PROBLEM REQUIREMENTS
If a record below holds a picture, leave the picture out and copy the rest exactly.

SUPPLIED RECORDS
━━━━━━━━━━━━━━━━
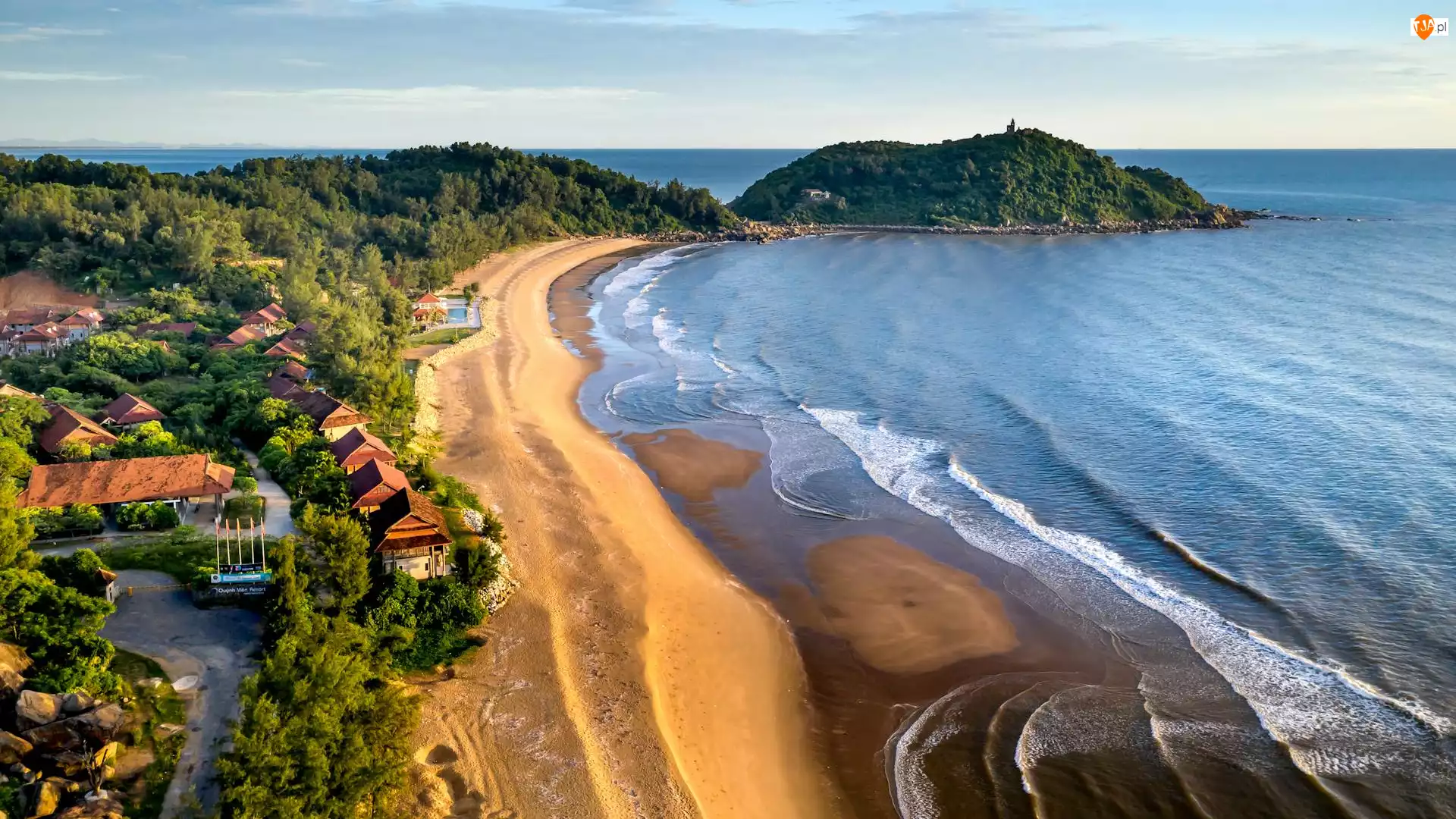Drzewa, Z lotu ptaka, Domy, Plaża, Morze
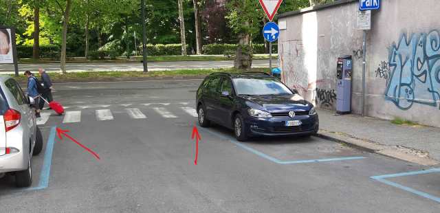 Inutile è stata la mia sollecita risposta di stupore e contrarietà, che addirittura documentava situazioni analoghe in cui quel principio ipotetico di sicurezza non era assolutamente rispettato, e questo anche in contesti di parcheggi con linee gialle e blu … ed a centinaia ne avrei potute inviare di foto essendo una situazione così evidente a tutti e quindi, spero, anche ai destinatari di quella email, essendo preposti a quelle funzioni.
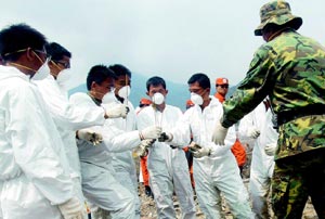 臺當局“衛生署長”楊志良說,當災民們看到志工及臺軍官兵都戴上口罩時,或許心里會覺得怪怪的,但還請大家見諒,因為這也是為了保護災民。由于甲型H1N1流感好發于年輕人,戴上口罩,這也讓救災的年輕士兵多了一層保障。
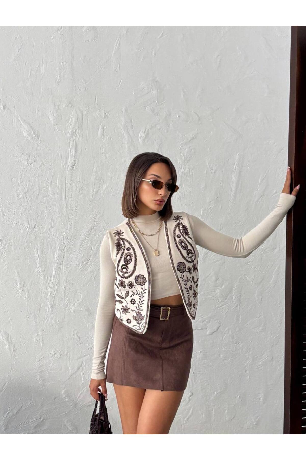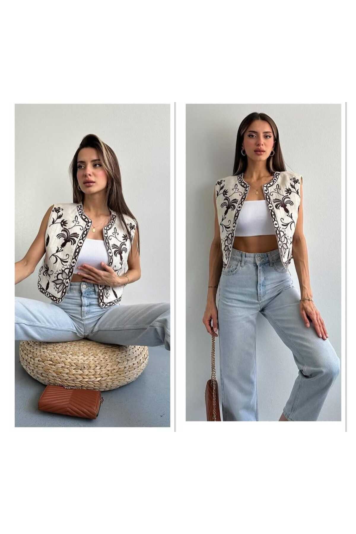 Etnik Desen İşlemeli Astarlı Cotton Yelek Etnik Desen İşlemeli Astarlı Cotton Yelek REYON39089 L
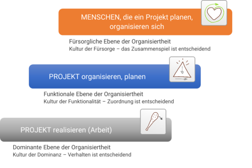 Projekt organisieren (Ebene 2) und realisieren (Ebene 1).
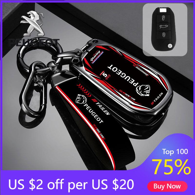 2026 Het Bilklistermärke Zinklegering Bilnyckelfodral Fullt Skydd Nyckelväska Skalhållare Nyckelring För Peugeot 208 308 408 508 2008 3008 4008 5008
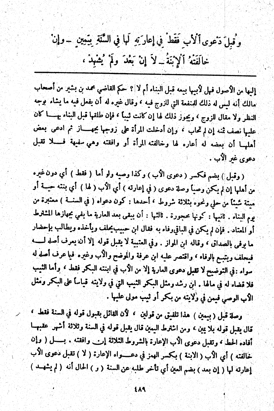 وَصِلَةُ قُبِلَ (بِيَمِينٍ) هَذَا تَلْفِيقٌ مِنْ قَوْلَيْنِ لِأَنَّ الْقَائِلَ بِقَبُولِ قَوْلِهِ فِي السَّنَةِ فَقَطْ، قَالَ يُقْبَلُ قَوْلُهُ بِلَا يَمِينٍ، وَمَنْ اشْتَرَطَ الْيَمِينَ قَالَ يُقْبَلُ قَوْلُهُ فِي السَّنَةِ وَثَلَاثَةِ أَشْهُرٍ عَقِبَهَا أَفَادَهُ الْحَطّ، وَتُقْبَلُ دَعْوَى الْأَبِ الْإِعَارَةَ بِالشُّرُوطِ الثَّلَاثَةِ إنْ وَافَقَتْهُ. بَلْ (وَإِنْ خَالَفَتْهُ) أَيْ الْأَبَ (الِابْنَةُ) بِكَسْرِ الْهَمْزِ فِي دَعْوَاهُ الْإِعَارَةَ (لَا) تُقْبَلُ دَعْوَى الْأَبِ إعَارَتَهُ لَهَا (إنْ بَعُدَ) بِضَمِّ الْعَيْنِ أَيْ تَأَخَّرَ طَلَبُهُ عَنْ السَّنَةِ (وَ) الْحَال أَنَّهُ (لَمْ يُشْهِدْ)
━━━━━━━━━━━━━━━━
ANSWER SECTION
Drzewa, Z lotu ptaka, Domy, Plaża, Morze
 Inutile è stata la mia sollecita risposta di stupore e contrarietà, che addirittura documentava situazioni analoghe in cui quel principio ipotetico di sicurezza non era assolutamente rispettato, e questo anche in contesti di parcheggi con linee gialle e blu … ed a centinaia ne avrei potute inviare di foto essendo una situazione così evidente a tutti e quindi, spero, anche ai destinatari di quella email, essendo preposti a quelle funzioni.
 臺當局“衛生署長”楊志良說,當災民們看到志工及臺軍官兵都戴上口罩時,或許心里會覺得怪怪的,但還請大家見諒,因為這也是為了保護災民。由于甲型H1N1流感好發于年輕人,戴上口罩,這也讓救災的年輕士兵多了一層保障。
 Etnik Desen İşlemeli Astarlı Cotton Yelek Etnik Desen İşlemeli Astarlı Cotton Yelek REYON39089 L
 Projekt organisieren (Ebene 2) und realisieren (Ebene 1).
 2026 Het Bilklistermärke Zinklegering Bilnyckelfodral Fullt Skydd Nyckelväska Skalhållare Nyckelring För Peugeot 208 308 408 508 2008 3008 4008 5008
 وَصِلَةُ قُبِلَ (بِيَمِينٍ) هَذَا تَلْفِيقٌ مِنْ قَوْلَيْنِ لِأَنَّ الْقَائِلَ بِقَبُولِ قَوْلِهِ فِي السَّنَةِ فَقَطْ، قَالَ يُقْبَلُ قَوْلُهُ بِلَا يَمِينٍ، وَمَنْ اشْتَرَطَ الْيَمِينَ قَالَ يُقْبَلُ قَوْلُهُ فِي السَّنَةِ وَثَلَاثَةِ أَشْهُرٍ عَقِبَهَا أَفَادَهُ الْحَطّ، وَتُقْبَلُ دَعْوَى الْأَبِ الْإِعَارَةَ بِالشُّرُوطِ الثَّلَاثَةِ إنْ وَافَقَتْهُ. بَلْ (وَإِنْ خَالَفَتْهُ) أَيْ الْأَبَ (الِابْنَةُ) بِكَسْرِ الْهَمْزِ فِي دَعْوَاهُ الْإِعَارَةَ (لَا) تُقْبَلُ دَعْوَى الْأَبِ إعَارَتَهُ لَهَا (إنْ بَعُدَ) بِضَمِّ الْعَيْنِ أَيْ تَأَخَّرَ طَلَبُهُ عَنْ السَّنَةِ (وَ) الْحَال أَنَّهُ (لَمْ يُشْهِدْ)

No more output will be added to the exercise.